Books
Manson Family Cult Member Reveals Chilling Details Of Their Crimes In New Memoir
The Manson cult is one of the most infamous in history, due in large part to a horrifying two-day murder spree across Los Angeles in 1969 that left seven people dead, including pregnant actress Sharon Tate. The case, the cult and the man behind it all have been the source of endless morbid fascination for the past 40 years, as people have been insatiable for more details about what led Manson's young female followers to commit these heinous crimes.
And now Dianne Lake, a member of Manson's cult who helped put the man behind bars when she was just 17 years old, is telling her version of events for the first time in her memoir, Member of the Family. Due to hit shelves on October 24, the book details how, at age 14, Dianne Lake—with little more than a note in her pocket from her hippie parents granting her permission to leave them—became one of “Charlie’s girls,” a devoted acolyte of cult leader Charles Manson.
Over the course of two years, the impressionable teenager endured manipulation, psychological control, and physical abuse as the harsh realities and looming darkness of Charles Manson’s true nature revealed itself. From Spahn ranch and the group acid trips, to the Beatles’ White Album and Manson’s dangerous messiah-complex, Dianne tells the riveting story of the group’s descent into madness as she lived it.
Lake never participated in any of the group's gruesome crimes...and in an excerpt from the book shared in People, she claims complete ignorance of the murderous plans. "I was shocked. I was horrified,” Lake writes, about the night she listened to Susan Atkins, Patricia Krenwinkel and Leslie Van Houten discuss how they committed murder.
Member of the Family by Dianne Lake, $14, Amazon
Though she had no part in the crimes, Dianne was arrested with the rest of the Manson Family, though she eventually learned enough of the details to join the prosecution’s case against them; and help convict Manson to life imprisonment.

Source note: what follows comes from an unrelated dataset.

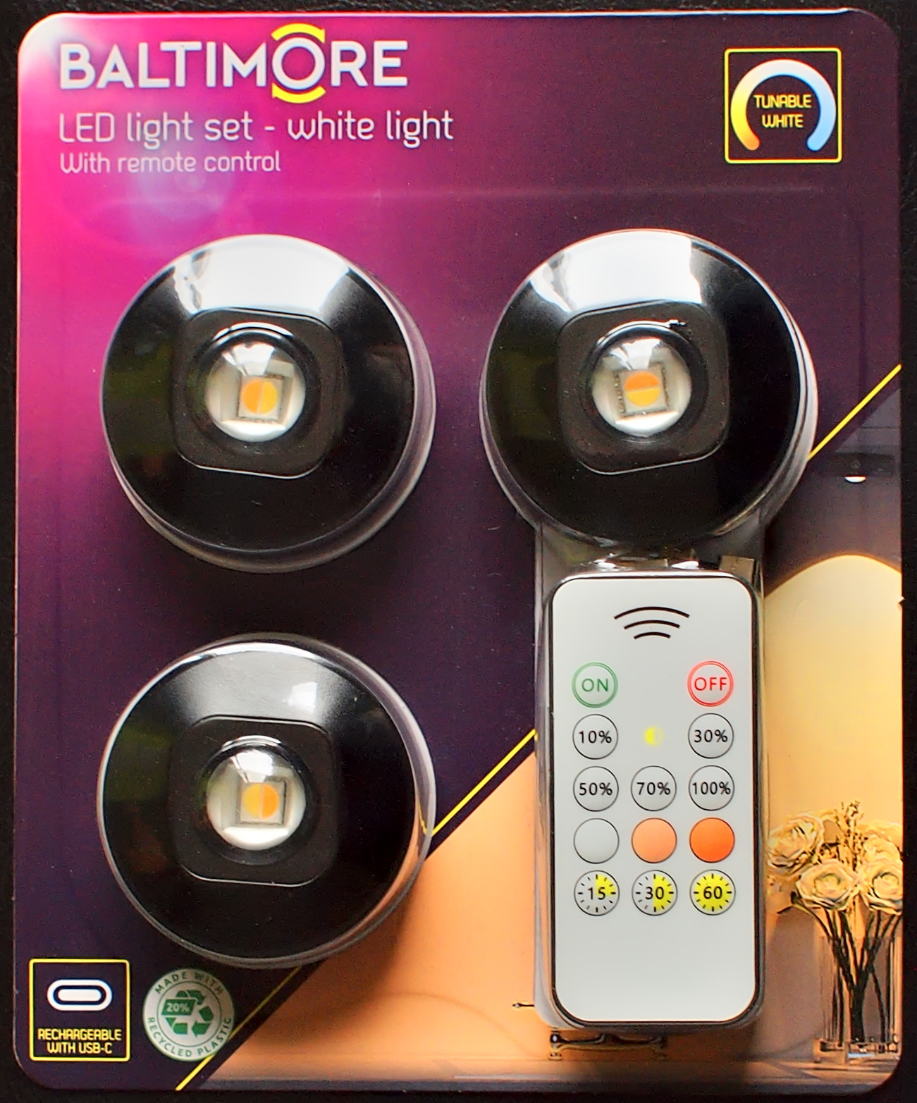 Beim Einkaufen in einem sehr beliebten Geschäft ( ;) )in den Niederlanden stieß ich auf eine LED-Leuchte, die für die Mikroskopie brauchbar ist. Es handelt sich um das sogenannte 'Baltimore LED light set – white light'. Es besteht aus drei Leuchten, die über USB-C wiederaufladbar sind. Dabei ist auch eine Fernbedienung zur Einstellung von Farbtemperatur und -intensität. Die Leuchte verfügt über zwei nebeneinander angeordnete LEDs, von denen eine kaltweißes und die andere gelbliches Licht abgibt. Es gibt drei Einstellungen: kaltweiß, warmweiß und warm. Bei warmweiß sind beide LEDs eingeschaltet. Die Lichtintensität ist von 10 % bis 100 % einstellbar, wobei 100 % sehr hell ist (man sollte nicht direkt in die Leuchte blicken). Für die Mikroskopie empfiehlt es sich, mindestens zwei Mattfilter zu verwenden und diese in den Filterhalter (falls vorhanden) einzusetzen. Die Mattfilter sind notwendig, um das Licht der Punktquelle zu streuen und so eine gleichmäßige Ausleuchtung und ausreichende Auflösung zu bekommen. Sie mildern auch das sehr helle Licht; ohne Mattfilter kann es schädlich für die Augen sein.

“He just looked crazy, but I was able to look at him,” Lake says in People. “I had been pretty deprogrammed at this point, so I felt pretty safe.”

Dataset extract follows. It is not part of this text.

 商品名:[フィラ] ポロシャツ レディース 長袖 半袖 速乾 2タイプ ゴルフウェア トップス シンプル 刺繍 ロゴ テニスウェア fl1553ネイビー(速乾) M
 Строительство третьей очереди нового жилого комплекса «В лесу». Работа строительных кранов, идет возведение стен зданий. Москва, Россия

And with the help of good Samaritans, including the cop who first arrested her and later adopted her, Lake eventually found redemption and grew up to lead an ordinary life. While much has been written about Charles Manson, this riveting memoir from an actual Family member promises to be a horrifyingly vivid account of one of the darkest and most fascinating chapters in modern American history.